There turn out to be a lot of clues for how such a thing would work in our construction of $$W(A)$$ in the last post. We implicitly proved the following theorem:

Theorem: Let $$A$$ be a well-ordered set. Then $$A$$ is isomorphic to the set $$\{I_a : a \in A\}$$ ordered by $$\preceq$$.

We can of course replace the $$I_a$$ with any other sets isomorphic to it. In particular, if we have canonical representatives for every well-ordered set, we can replace the $$I_a$$ with their canonical representatives.

This gives us a strategy: We’ll define our canonical representatives by transfinite induction (recall that we showed as part of our work around $$W(A)$$ that $$\preceq$$ well-ordered isomorphism classes of well-ordered sets). The representative for $$A$$ is the set of all representatives for initial segments of $$A$$.

Definition: Let $$A$$ be a well-ordered set. Define $$\mathrm{ord}(A) = \{ \mathrm{ord}(I_a) : a \in A\}$$. Give $$\mathrm{ord}(A)$$ the ordering $$\preceq$$.

As a corollary to our previous result, $$A \sim \mathrm{ord}(A)$$. So this gives us our canonical representatives. We call something that is $$\mathrm{ord}(A)$$ for some well-ordered $$A$$ and ordinal number.

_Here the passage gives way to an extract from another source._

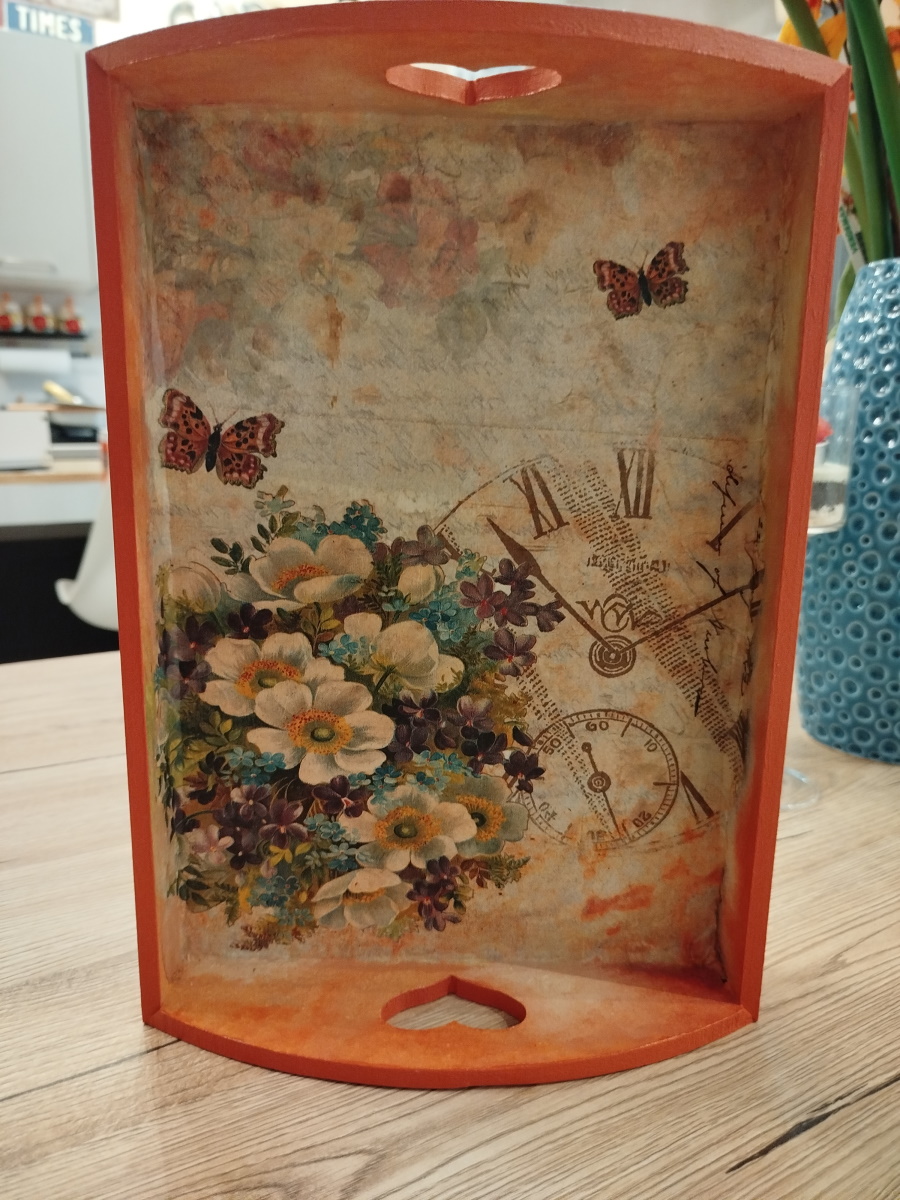 La Sophie è passata al decoupage con la sua chalk paint : dato che mobili da rinnovare ormai non ce ne sono quasi più, la gatta drogata di restyling è passata al decoupage. Devo dire che l’idea è mia : quando ancora le mie gambe funzionavano, sono passata davanti alla vetrina di un negozio che vendeva scatole, cornici, vassoi ed altri oggetti, in legno grezzo.
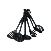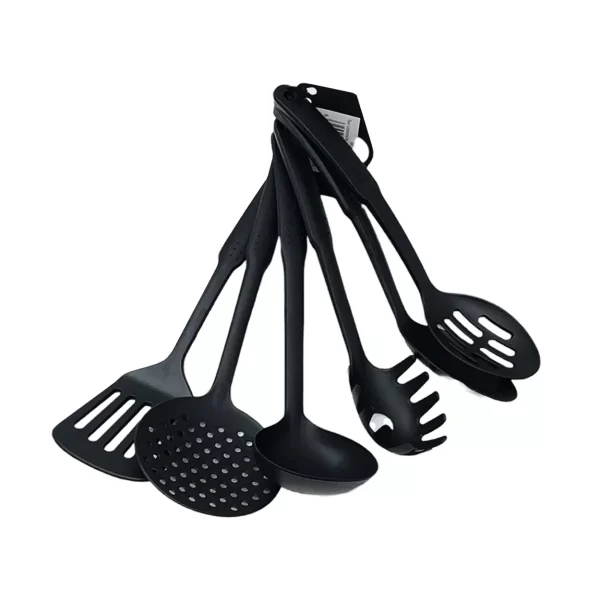 Setul de palete bucatarie din plastic, negre (6 bucati) este ideal pentru toate gospodine si bucatari din orice bucatarie. Setul de palete pt bucatarie cuprinde urmatoarele: paleta plina, perforata, spumiera, polonic, lingura mare simpla si o lingura de paste. Paletele de bucatarie sunt de mare folos atunci cand folositi bucatarie pentru pregatirea oricarui fel de mancare, fie ca prajiti, fierbeti sau doar incalziti. Acestea sunt foarte rezistente la uzura, acizi alimentari si temperaturi ridicate. Totodata, au un design modern se curata usor si sunt compatibile cu mansinile de spalat vase. Depozitarea acestor palete de bucatarie din plastic se poate face in sertarul cu ustensile de bucatarie sau in suporti suspendati.

Note that we’re doing something subtly different from normal: The class of all well-ordered sets is not itself a set (because if it were it were you could construct $$W(A)$$ which is a strictly larger well-ordered set). However, for any well-ordered set the isomorphism classes of well ordered sets $$\preceq$$ it is a set, so we can still do transfinite induction like this.

First we need to show that this is a canonical representative:

Theorem: If $$A \sim B$$ then $$\mathrm{ord}(A) = \mathrm{ord}(B)$$.

Proof:

Suppose $$\mathrm{ord}(A) \neq \mathrm{ord}(B)$$.

Let $$f: A \to B$$ be an order isomorphism. Consider the initial segments of $$A$$. If $$\mathrm{ord}(I_a) \neq \mathrm{ord}(f(I_a))$$ for some $$I_a$$, replace $$A$$ with the minimal such $$I_a$$. Else, for every initial segment of $$A$$, $$\mathrm{ord}(I_a) = \mathrm{ord}(I_b)$$

But $$\mathrm{ord}(A) = \{ \mathrm{ord}(I_a) : a \in A\}$$. And because $$f$$ is an isomorphism, $$\{f(I_a) : a \in A \} = \{I_b : b \in B\}$$. So $$\mathrm{ord}(A) = \{ \mathrm{ord}(I_a) : a \in A\} = \{ \mathrm{ord}(f(I_a)) : a \in A\} = \{ \mathrm{ord}(I_b) : b \in B\} = \mathrm{ord}(B)$$. QED

So the ordinals are indeed canonical representatives in the sense that they give us a way of choosing a distinct element out of every isomorphism class.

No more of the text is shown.